Politics of picking a pope - KTIV News 4 Sioux City IA: News, Weather and Sports

Politics of picking a pope


In the politics of becoming pope, there's never been a race quite like this.

The church's problems enormous, the need for a powerful, unifying pope, never greater.

"We have to finish this, we have to get on with this. If we don't do this, it's over, blow the candles out," Monsignor Kevin Irwin, the Archdiocese of New York said.

The new pope will have to reinvigorate the church and bring its enormous bureaucracy, the curia, into the modern world.
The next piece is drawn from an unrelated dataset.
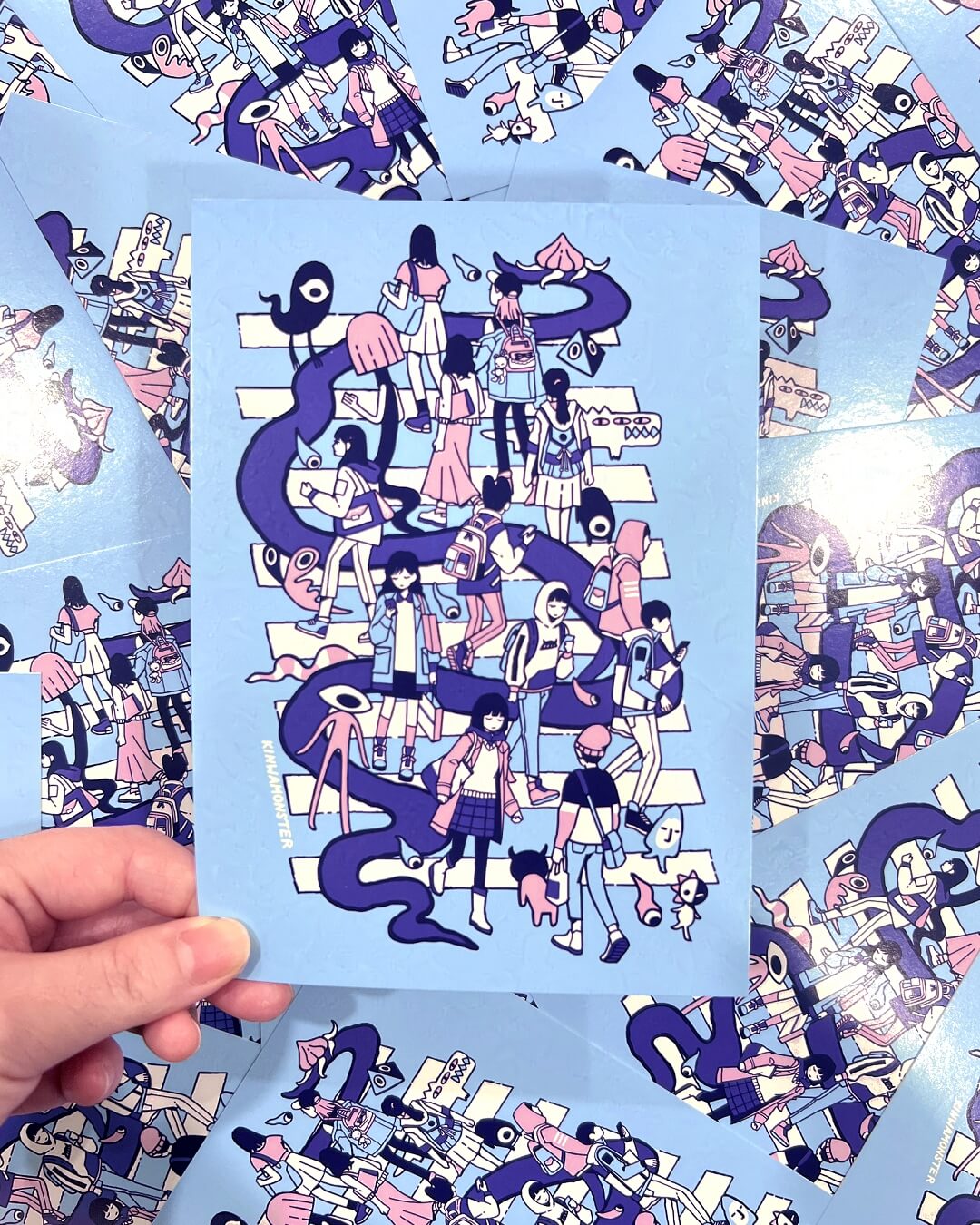 5 x 7 inch square glossy print of pedestrians walking amongst fellow monsters on the crosswalk.

The church does not just run on Hail Marys, you know, we gotta make it work in terms of personnel and money and being effective, and I think the question is how effective is the curia in a internet 24/7 world?

From the time a cardinal becomes a cardinal the race for pope is on.
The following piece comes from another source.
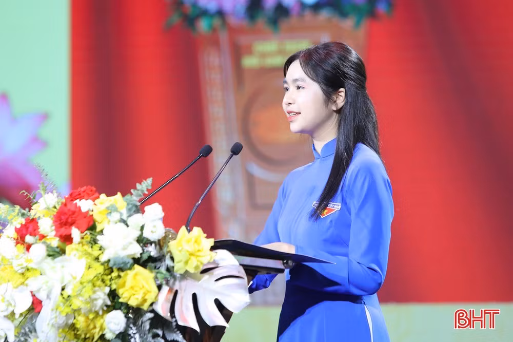 Em Hồ Phương Linh - Chi đoàn lớp 10 Anh1, Trường THPT Chuyên Hà Tĩnh đại diện thế hệ trẻ tỉnh nhà phát biểu tại buổi lễ.

They are judged on their intellectual, religious and spiritual heft, even their ability to communicate in Italian.

Politicking done, support secured in formal settings and often, in out of the way unlikely venues.

This is Venerina restaurant just round the corner from the Vatican. Cardinals come here in the ones and twos, they have lunch, dinner, sometimes a little wine. It's in places like this where much of the heavy lifting is done.

Venerina Labbate has served meals to connected and powerful Vatican insiders for 21 years.

"Dozens of cardinals have been here for the last couple of weeks, Venerina Labbate, the owner of Venerina Restaurant said, "when you're at the table you decide things."

Deciding important for many reasons, as one cardinal jokingly told her during his last meal here, when the conclave is under way, it's bread and water until a new pope is named.